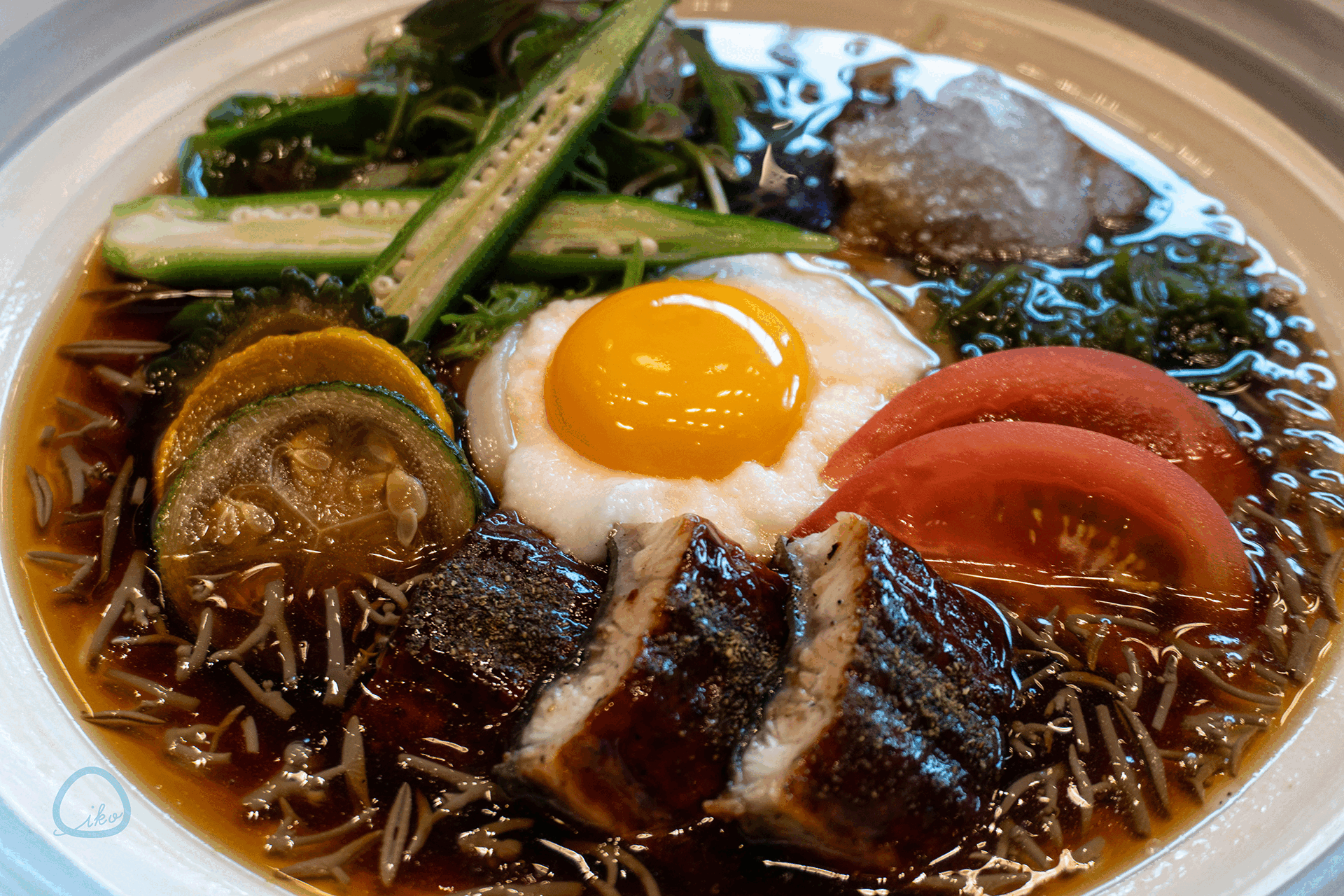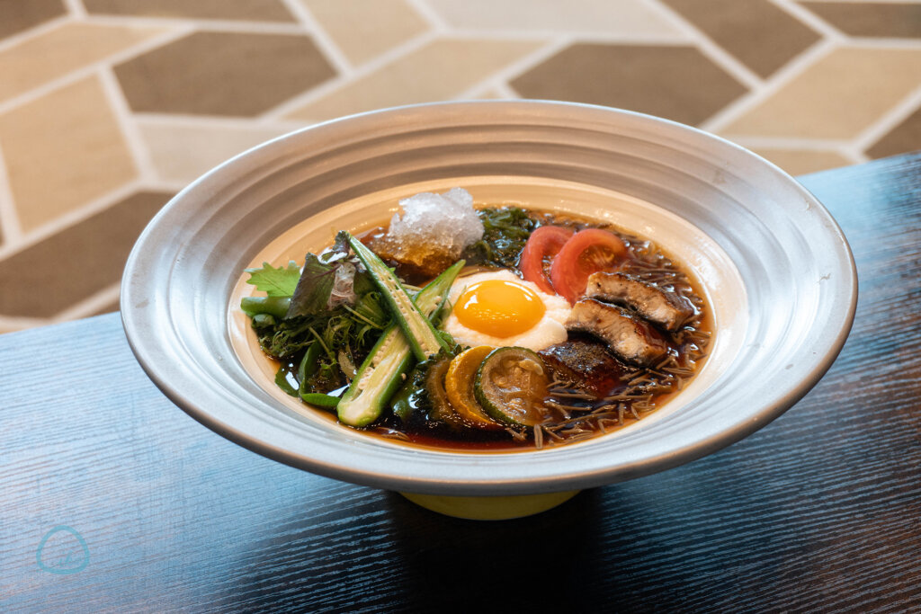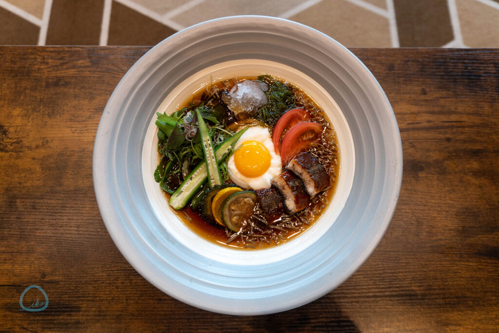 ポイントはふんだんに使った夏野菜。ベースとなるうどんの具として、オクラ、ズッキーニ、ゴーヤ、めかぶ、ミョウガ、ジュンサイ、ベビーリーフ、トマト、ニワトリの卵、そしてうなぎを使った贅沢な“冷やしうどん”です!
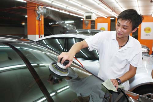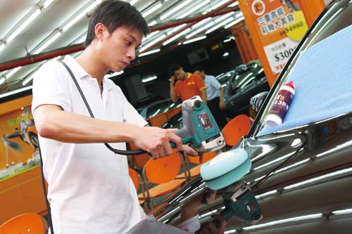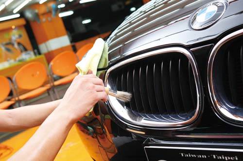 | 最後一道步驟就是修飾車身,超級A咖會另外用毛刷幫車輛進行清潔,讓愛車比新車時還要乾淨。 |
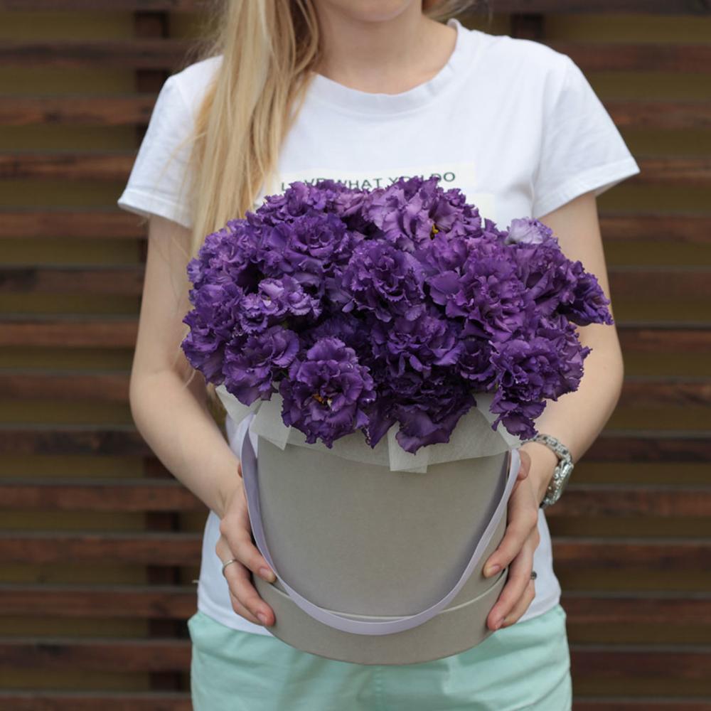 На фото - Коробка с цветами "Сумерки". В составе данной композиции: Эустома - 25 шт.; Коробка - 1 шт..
_ _ _ _ _ _ _
# YOUR OBJECTIVE
Return the whole listing, word for word, and leave out every picture.

# RESULT OF THIS EXERCISE
 ポイントはふんだんに使った夏野菜。ベースとなるうどんの具として、オクラ、ズッキーニ、ゴーヤ、めかぶ、ミョウガ、ジュンサイ、ベビーリーフ、トマト、ニワトリの卵、そしてうなぎを使った贅沢な“冷やしうどん”です!
 | 最後一道步驟就是修飾車身,超級A咖會另外用毛刷幫車輛進行清潔,讓愛車比新車時還要乾淨。 |
 На фото - Коробка с цветами "Сумерки". В составе данной композиции: Эустома - 25 шт.; Коробка - 1 шт..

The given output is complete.